I’m not sure exactly when I noticed it, but sometime in the last four weeks I realized that my Instagram feed was dominated by two things: 1) sanctimonious parenting-advice reels and 2) puzzling photos of restaurant dishes adorned by what can best be described as poop-emoji swirls.
At Antico Nuovo in Los Angeles, Chad Colby offers ribbons of duck liver as an accompaniment to house-made focaccia.
In New York City, Ignacio Mattos’s crew at Lodi is piping swirls of chicken liver mousse onto crunchy toast ovals. Across the country, there’s the chicken liver mousse at Daytrip, a self-described “party restaurant and bottle shop” in Oakland, California, which boasts chicken mousse piped on top of house-made brioche. Gone are the rustic, nose-to-tail liver spreads smeared onto toasted country bread we saw in the mid-aughts. The ’20s are here, and we’re ordering jaunty poop swoops.
The poop swoop isn’t just for livers — though truly, there’s a real internal-organ synergy there. At Missy Robbins’s Brooklyn restaurant Misi, whipped ricotta is ribboned onto crostini. It’s vaguely reminiscent of soft serve, which itself has dominated restaurant menus for the past half-dozen years as restaurants downsized their pastry teams; but the piping still looks more like cake decoration than something that belongs in a cone or cup. It’s vaguely reminiscent of the iconic, embattled Sqirl toast. But these ricotta swirls don’t telegraph effortless cool. They say loudly and clearly: “A cook stood, hunched over the counter, carefully piping this with a pastry bag.”

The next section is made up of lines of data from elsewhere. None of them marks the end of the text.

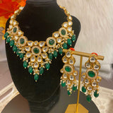 Material: Kundan, Emerald, monalisa beads, pearl, american diamonds, gold plating with back meenakari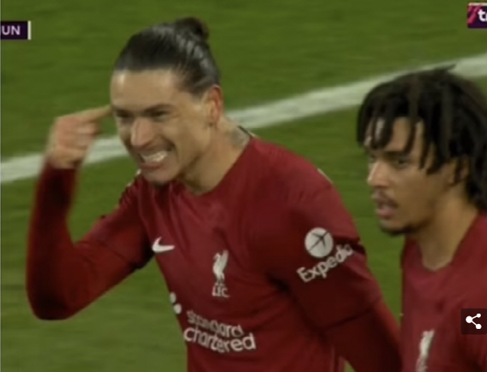[스포츠조선 김가을 기자]다윈 누녜스(리버풀)의 세리머니가 화제다. 마커스 래시포드(맨유)의 세리머니를 모방해 조롱한 것 아니냐는 의견이다.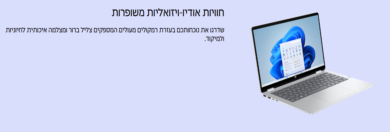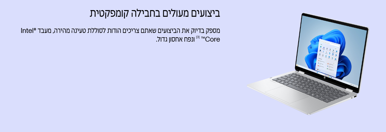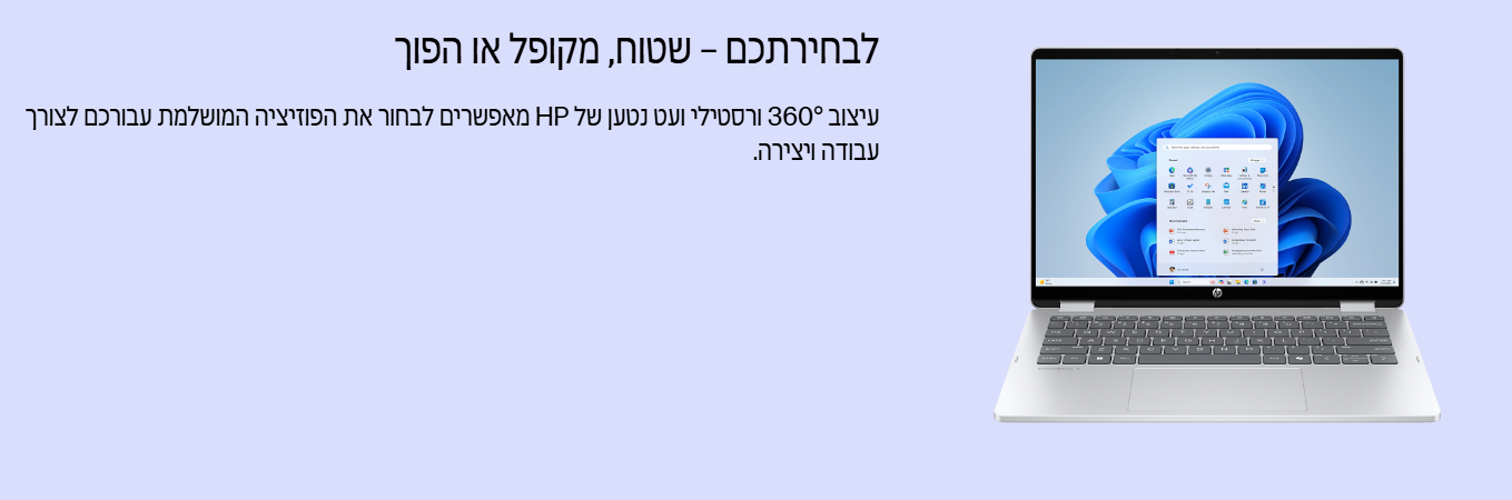 ה-HP OmniBook 5 הוא מחשב נייד 2 ב-1, הכולל אפשרות היפוך ב-360 מעלות שבאמצעותה תוכלו להשתמש במחשב איך שנוח לכם ובכל מקום! המחשב בעל מסך מגע 2K IPS micro-edge בגודל 14 אינץ', מעבד Intel Core 5, דיסק קשיח SSD בנפח 512GB, סוללה עוצמתית לשימוש של עד 15 שעות, זכרון פנימי 16GB DDR4 ומערכת הפעלה Windows 11 Home

The originator of the trend is likely the chocolate hazelnut tart at Wildair, Jeremiah Stone and Fabián von Hauske Valtierra’s groundbreaking small-plates-and-natural-wine destination on Manhattan’s Lower East Side. All of these swirly toasts seem highly indebted to von Hauske Valtierra’s chocolate hazelnut tart, which has been on the Wildair menu in some form since the restaurant opened in 2015. It features a short crust with hazelnut praline (in the early days, sometimes it would be peanuts instead of hazelnuts), and chocolate cremeux. The piping evolved from round...
... to boldly squiggly...
... to what it’s best-known as now — the tightly zig-zagging ribbons.
I sent von Hauske Valtierra a few reference photos of what other restaurants have been up to, then called him up. What did he make of all this?

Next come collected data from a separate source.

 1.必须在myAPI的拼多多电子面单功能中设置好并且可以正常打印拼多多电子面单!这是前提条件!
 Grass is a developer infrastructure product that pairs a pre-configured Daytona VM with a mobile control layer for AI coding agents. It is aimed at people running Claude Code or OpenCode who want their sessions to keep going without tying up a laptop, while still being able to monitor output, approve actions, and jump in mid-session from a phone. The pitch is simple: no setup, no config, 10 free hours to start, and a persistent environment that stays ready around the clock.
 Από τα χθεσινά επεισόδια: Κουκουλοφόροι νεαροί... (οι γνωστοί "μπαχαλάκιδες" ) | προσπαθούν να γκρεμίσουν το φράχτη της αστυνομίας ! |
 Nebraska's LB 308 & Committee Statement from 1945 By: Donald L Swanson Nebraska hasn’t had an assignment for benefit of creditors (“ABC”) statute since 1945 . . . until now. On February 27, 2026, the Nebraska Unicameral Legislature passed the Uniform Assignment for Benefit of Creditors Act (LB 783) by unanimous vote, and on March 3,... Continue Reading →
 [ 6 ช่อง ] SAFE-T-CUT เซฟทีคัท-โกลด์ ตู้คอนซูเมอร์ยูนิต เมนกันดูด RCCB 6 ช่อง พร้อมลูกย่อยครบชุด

“I would never say those people you sent me copied ours,” he says right off the bat. “But I know a lot of people follow us... For the longest time, we were very aggressive in putting it out there. My social media was just tart photos for like a year and a half. It was something very specific to the restaurant, and we posted about it like every single day.” It’s true — scroll way back through the Wildair feed and through von Hauske Valtierra’s personal grid, and you’ll find plenty of photos of the tart.
Von Hauske Valtierra calls this style of ribbon piping “swirls or swirlies” — he doesn’t know of a formal name. The acclaimed pastry chef knew from the jump that he wanted to do a chocolate tart with hazelnut praline (“a Ferrero Rocher situation”) and that he wanted a pudding that wasn’t a jelly pudding; he landed on cremeux, and for the first couple months, he and two other cooks would each do the piping in their own style, eventually settling on the ribbony swirl. It’s not terribly difficult, but it does take some skill and precision. “I don’t think this kind of piping is easy. You really need to get someone who feels comfortable with it,” he says. “Savory cooks don’t really learn how to pipe things nicely. It’s a very pastry-person sort of thing.”
While von Hauske Valtierra says you can see elements of the swirl in classic pastries, there wasn’t any one specific pastry he was borrowing from when he devised it. But he does think the look of his tart is part of what has made it such a hit. “When we opened Wildair, it was when restaurants were becoming very visual. Everyone does it now, but [there was a new feeling that] you have to make food that looks good, that makes people take photos of it and talk about it.”
In December 2015, Tejal Rao, then the dining critic for Bloomberg, wrote that the chocolate in the tart “either by accident, or perhaps as a kind of middle finger to fancy restaurant plating, was piped into the approximate shape of a poop emoji.” Von Hauske Valtierra says he never thought of it that way, and the writeup prompted some intense conversations about whether to take the tart off the menu. He didn’t — and now plenty of others have found the joy of the swoop.
“I’ve definitely seen it become a thing this year,” he notes. “People message me and say, ‘This looks like Wildair!’” While the proliferation of this specific piping style was unexpected, von Hauske Valtierra is not surprised by a trend jumping from the pastry menu to the savory side. Many chefs, he says, “look to pastry for visual inspiration. And that doesn’t feel new to me.”
His biggest takeaway, though, is that “you can make an impact with a tiny restaurant.” “I’m surprised by this trend, but I’m happy,” he says. “I think we paved the way to allow people to make food that looks like poop emojis and not feel bad about it.”